Primera División de Fútbol de El Salvador
- Season: Apertura 2009
- Champions: FAS
- Relegated: None in the Apertura
- 2010–11 CONCACAF Champions League: FAS
- Goals: 232
- Top goalscorer: Williams Reyes Nicolás Muñoz (11)
- Biggest home win: Balboa 5–0 Nejapa (15 November 2009)
- Biggest away win: Nejapa 0–4 Alianza (15 September 2009)
- Highest scoring: Balboa 3–3 Municipal Limeño (30 August 2009) Vista Hermosa 3–3 Isidro Metapán (11 October 2009) Nejapa 2–4 Municipal Limeño (28 October 2009)

= Primera División de Fútbol Profesional – Apertura 2009 =

The Apertura 2009 season (officially known as Torneo Apertura 2009) was the twenty-third tournament of the Primera División de Fútbol Profesional since its establishment of an Apertura and Clausura format, and the 41st overall.

FAS won the tournament for the 17th time in history, defeating Águila in the final with a 3–2 victory in extra time.

Isidro Metapán were the defending champions, having won their 3rd title the previous season and being the back to back champions.

== Format ==
A total of 10 teams contested the league, with none getting relegated (relegation only occurs in Clausura tournaments).
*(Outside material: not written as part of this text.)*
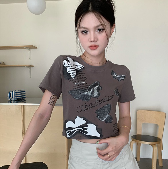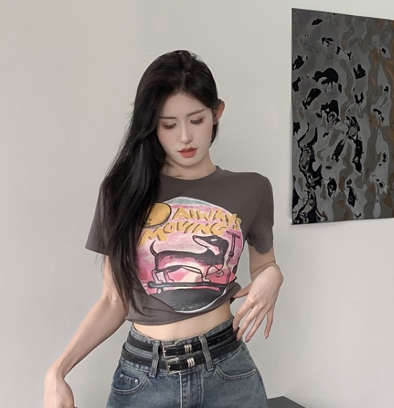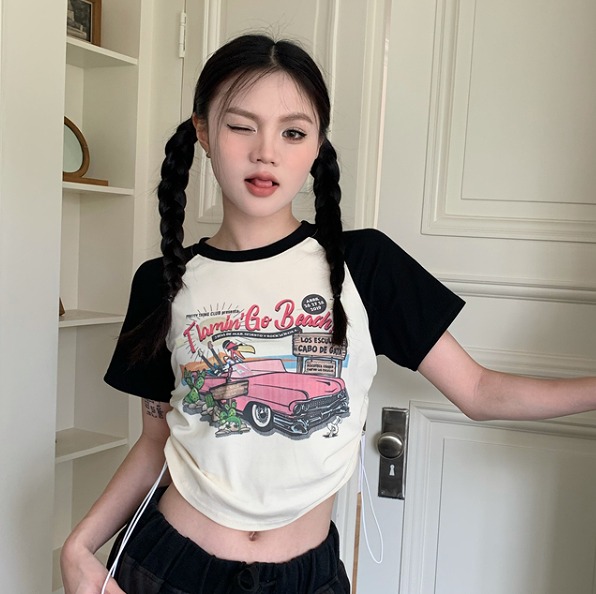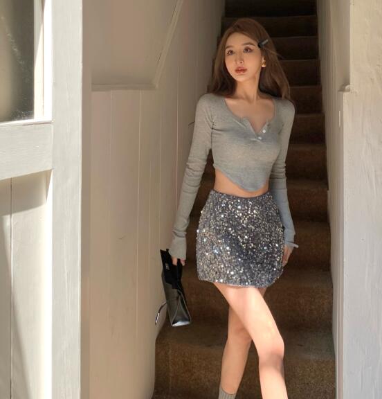 4色長袖トップスカットソーTシャツへそ出し短め短いボタン無地ブラックホワイトグレーブルーシンプルダンス衣装ヒップホップレディースガールズストリート個性的奇抜大人韓国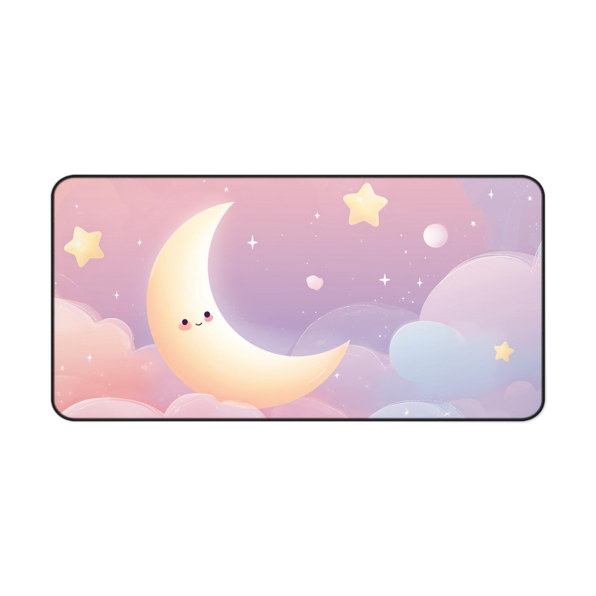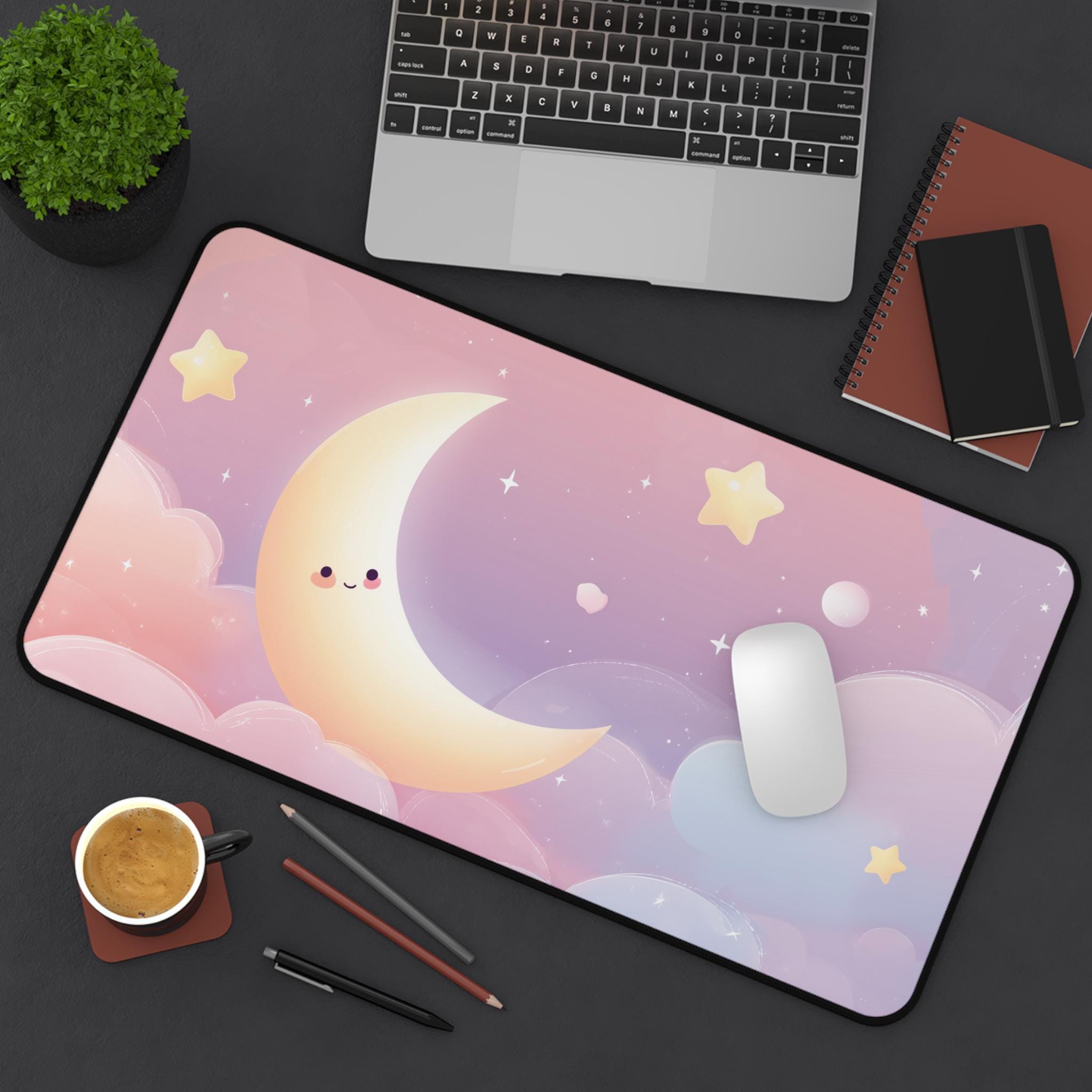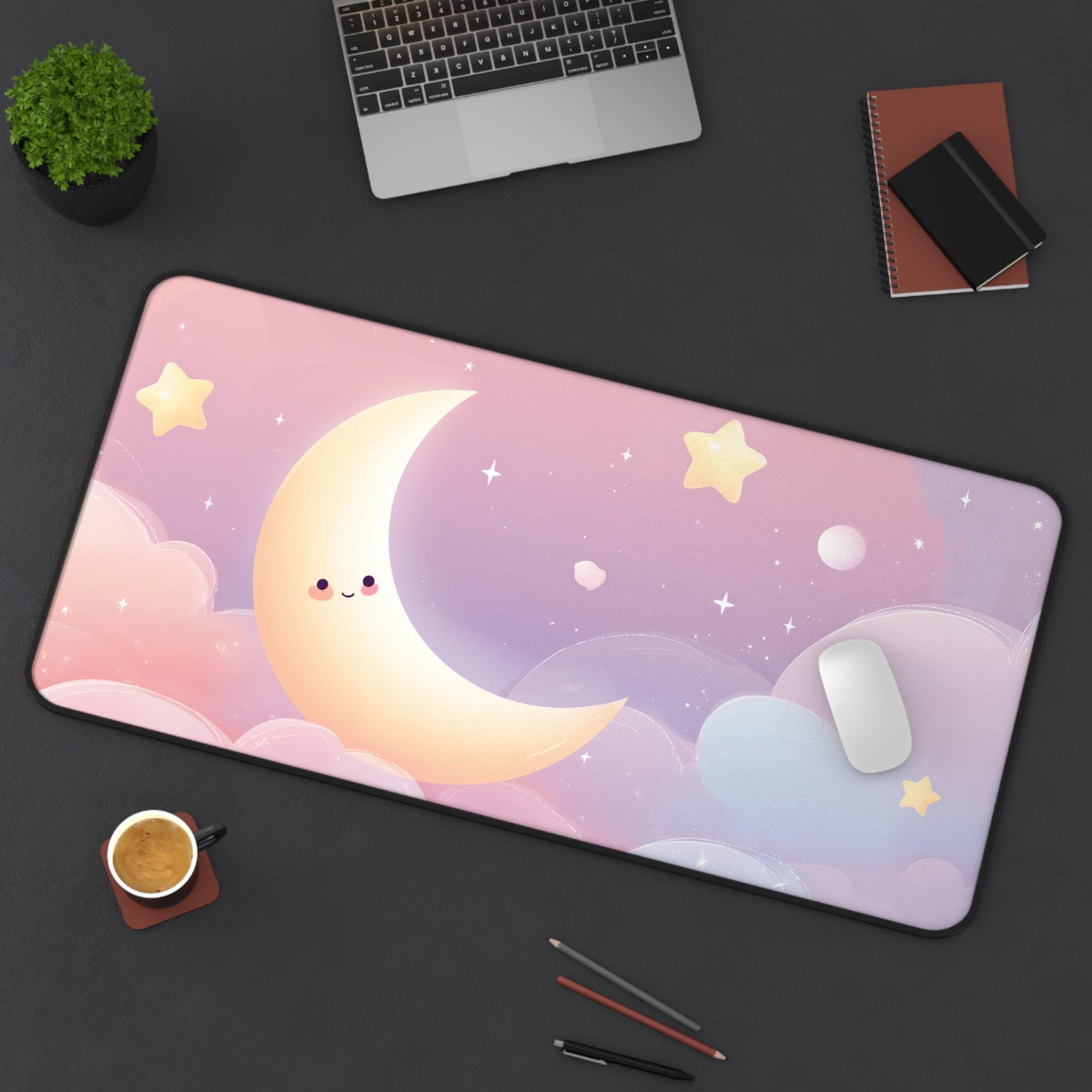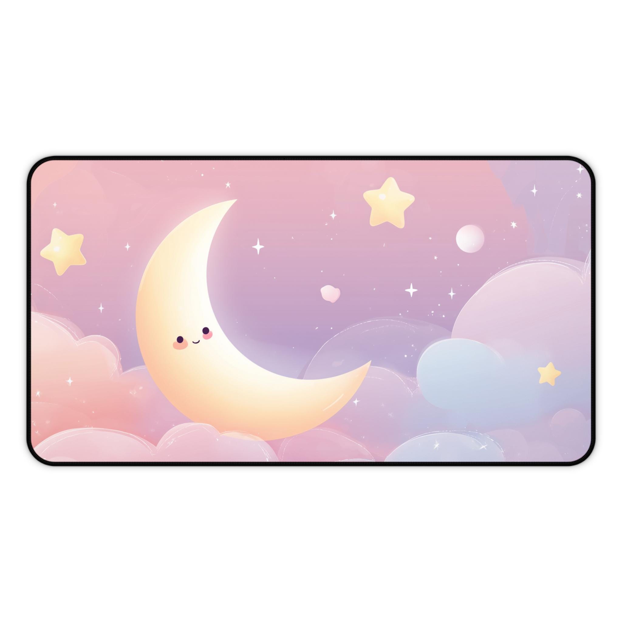 Cute Kawaii Moon Desk Mat – Pastel Galaxy Mousepad | Large Desk Pad for Gaming, Office & Study | Aesthetic Desk Decor

The season began on August 14, 2009 and concluded on December 20, 2009. The 10 teams of the Primera División played 18 matches, playing each team twice (home and away). The top four teams qualified directly to the semifinals. Since Vista Hermosa and Isidro Metapán finished with the same points at the end of the regular season, a knockout playoff match was played to determine the last team to advance to the playoffs. Vista Hermosa clinched the final spot for the playoffs with a 1–0 victory over Isidro Metapán.

==Promotion and Relegation==
Promoted from Segunda División de Fútbol Salvadoreño.
- Champions: Atlético Marte
- Municipal Limeño (bought the spot of Chalatenango).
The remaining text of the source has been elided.